In the study, over 200 formalin-fixed, paraffin-embedded (FFPE) surgical resections and core needle biopsies provided by collaborators at MD Anderson Cancer Center were tested. The results were consistent with variant prevalence established by large, international consortia such as TCGA, demonstrating mutual exclusivity between driver events and distinct molecular subtypes for adenocarcinoma and squamous cell carcinoma.
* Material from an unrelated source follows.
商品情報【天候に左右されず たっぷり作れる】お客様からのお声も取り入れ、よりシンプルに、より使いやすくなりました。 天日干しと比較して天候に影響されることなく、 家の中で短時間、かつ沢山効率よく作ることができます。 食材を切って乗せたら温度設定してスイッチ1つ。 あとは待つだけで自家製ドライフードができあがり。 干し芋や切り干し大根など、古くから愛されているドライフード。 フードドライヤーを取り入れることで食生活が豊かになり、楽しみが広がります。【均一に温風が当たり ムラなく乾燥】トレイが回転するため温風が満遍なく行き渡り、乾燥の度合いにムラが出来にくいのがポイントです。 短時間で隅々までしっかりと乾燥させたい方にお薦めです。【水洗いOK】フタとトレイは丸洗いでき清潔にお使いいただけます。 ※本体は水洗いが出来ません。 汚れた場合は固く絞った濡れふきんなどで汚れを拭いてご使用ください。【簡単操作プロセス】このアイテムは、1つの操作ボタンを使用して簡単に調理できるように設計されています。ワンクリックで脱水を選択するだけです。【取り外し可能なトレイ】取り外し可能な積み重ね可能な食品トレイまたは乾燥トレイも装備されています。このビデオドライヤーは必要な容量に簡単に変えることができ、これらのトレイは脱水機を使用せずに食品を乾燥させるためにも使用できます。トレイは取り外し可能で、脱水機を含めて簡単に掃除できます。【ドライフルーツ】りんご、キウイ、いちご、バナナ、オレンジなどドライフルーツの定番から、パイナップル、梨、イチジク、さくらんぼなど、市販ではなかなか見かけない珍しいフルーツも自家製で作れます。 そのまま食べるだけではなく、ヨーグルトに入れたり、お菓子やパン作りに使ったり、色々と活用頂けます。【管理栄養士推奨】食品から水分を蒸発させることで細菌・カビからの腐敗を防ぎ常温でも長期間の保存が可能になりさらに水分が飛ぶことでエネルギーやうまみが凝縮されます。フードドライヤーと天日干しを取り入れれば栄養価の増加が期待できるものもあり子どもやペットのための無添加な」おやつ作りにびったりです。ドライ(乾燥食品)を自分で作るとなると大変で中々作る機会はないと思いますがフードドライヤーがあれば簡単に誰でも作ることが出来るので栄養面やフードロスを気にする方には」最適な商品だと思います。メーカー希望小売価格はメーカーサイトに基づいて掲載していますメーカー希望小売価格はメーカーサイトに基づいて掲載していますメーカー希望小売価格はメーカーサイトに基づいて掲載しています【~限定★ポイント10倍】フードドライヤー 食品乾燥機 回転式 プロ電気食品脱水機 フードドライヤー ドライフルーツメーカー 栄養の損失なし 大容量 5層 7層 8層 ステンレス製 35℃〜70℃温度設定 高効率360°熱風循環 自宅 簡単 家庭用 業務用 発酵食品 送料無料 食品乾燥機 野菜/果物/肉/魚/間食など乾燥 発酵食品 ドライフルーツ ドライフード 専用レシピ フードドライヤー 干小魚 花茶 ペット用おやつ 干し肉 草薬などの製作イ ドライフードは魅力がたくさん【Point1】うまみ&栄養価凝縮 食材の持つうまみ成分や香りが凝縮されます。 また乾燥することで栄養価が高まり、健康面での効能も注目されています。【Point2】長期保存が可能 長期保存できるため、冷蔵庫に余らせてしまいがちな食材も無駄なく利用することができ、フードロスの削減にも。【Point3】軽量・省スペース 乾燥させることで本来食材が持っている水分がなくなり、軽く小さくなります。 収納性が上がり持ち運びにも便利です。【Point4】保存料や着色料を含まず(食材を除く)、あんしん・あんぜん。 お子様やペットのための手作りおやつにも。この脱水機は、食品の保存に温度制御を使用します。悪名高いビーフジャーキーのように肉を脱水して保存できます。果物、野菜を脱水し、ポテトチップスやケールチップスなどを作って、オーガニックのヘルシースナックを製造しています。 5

Sequence variants in fine needle aspirate (FNA) smears from BATTLE-2 clinical trial subjects were in 97% agreement with matched FFPE specimens tested by the FoundationOne NGS Assay, even though the FNA biopsies had substantially fewer cells available for analysis.
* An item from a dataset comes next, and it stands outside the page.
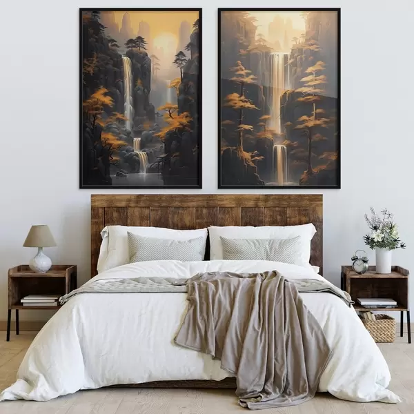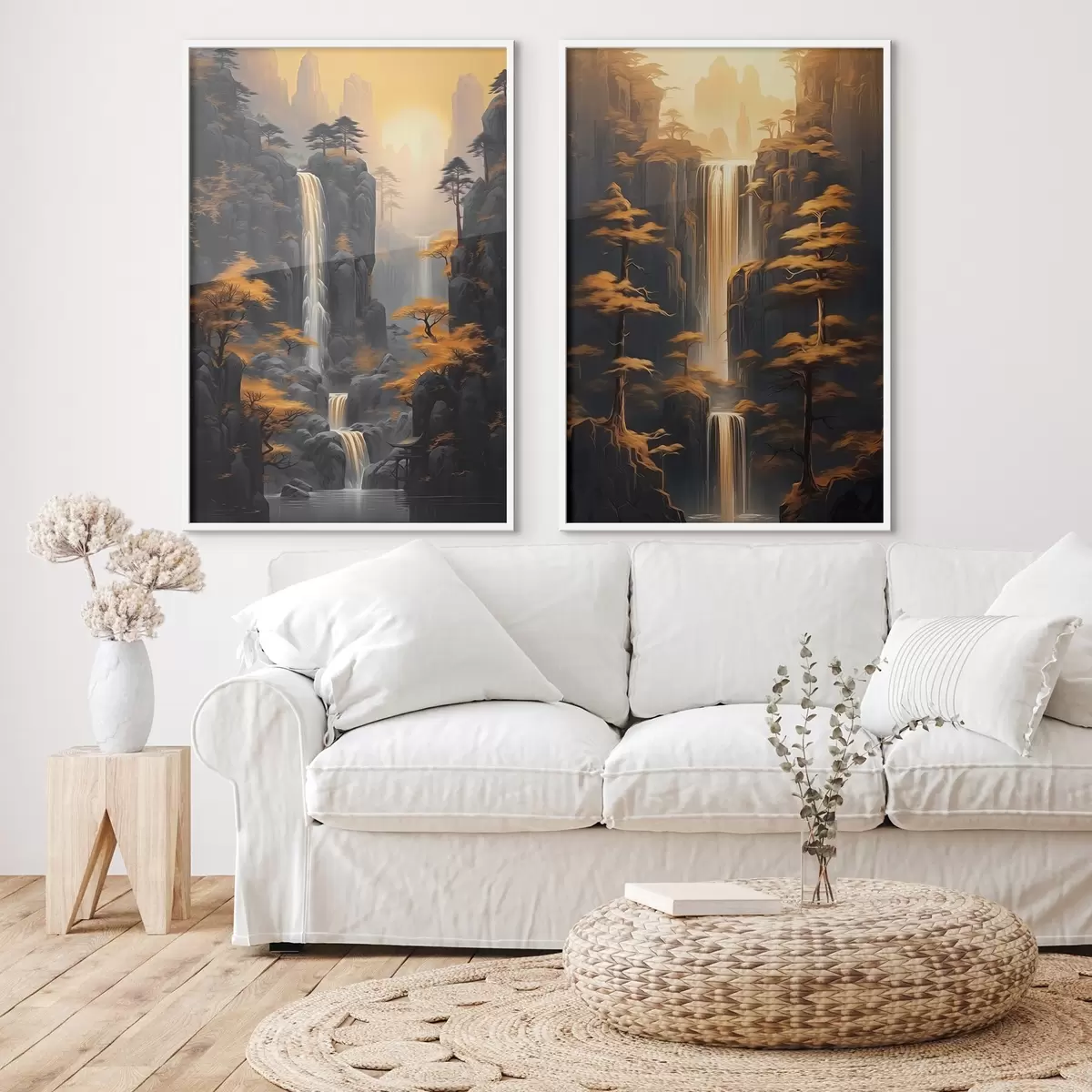 Poster Paisaje con cascada y montañas bañadas por una luz dorada Nr d00928
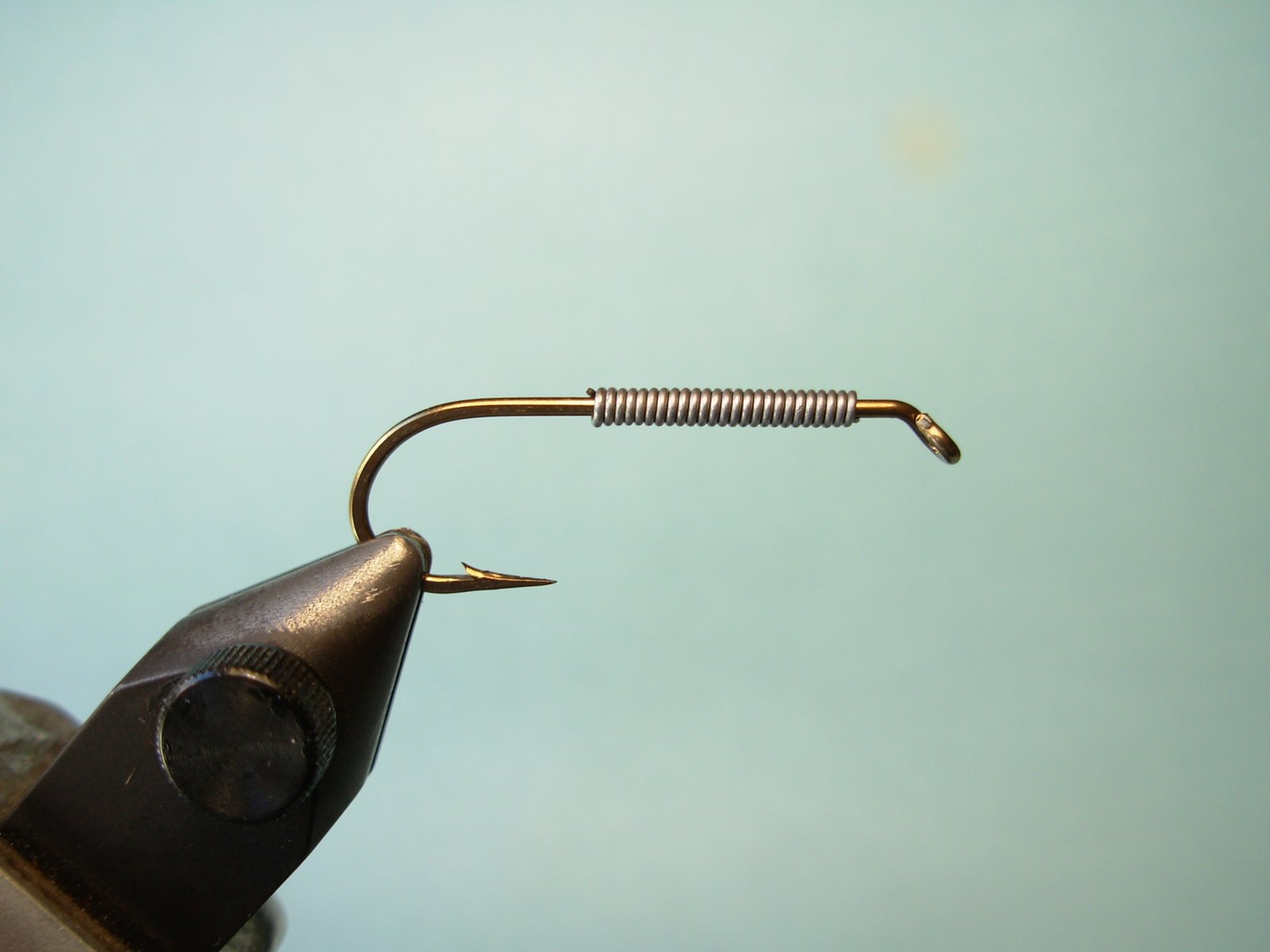 Colocar el plomo en los dos tercios anteriores de la pata del anzuelo dejando unos tres mm libres junto al ojo.

"Our study with Asuragen demonstrates the continued evolution of NGS methods to reliably quantify different types of cancer-associated variants across both DNA and RNA that are relevant to precision medicine," commented Ignacio I. Wistuba, MD, professor and chair, Department of Translational Molecular Pathology at The University of Texas MD Anderson Cancer Center. "This integrated and rapid approach may help clinicians and laboratories maximize the actionable information they can recover from small patient biopsies, and accelerate turnaround times for results and decision-making."

This study was funded in part by a Cancer Prevention and Research Institute of Texas (CPRIT) Product Development Research grant.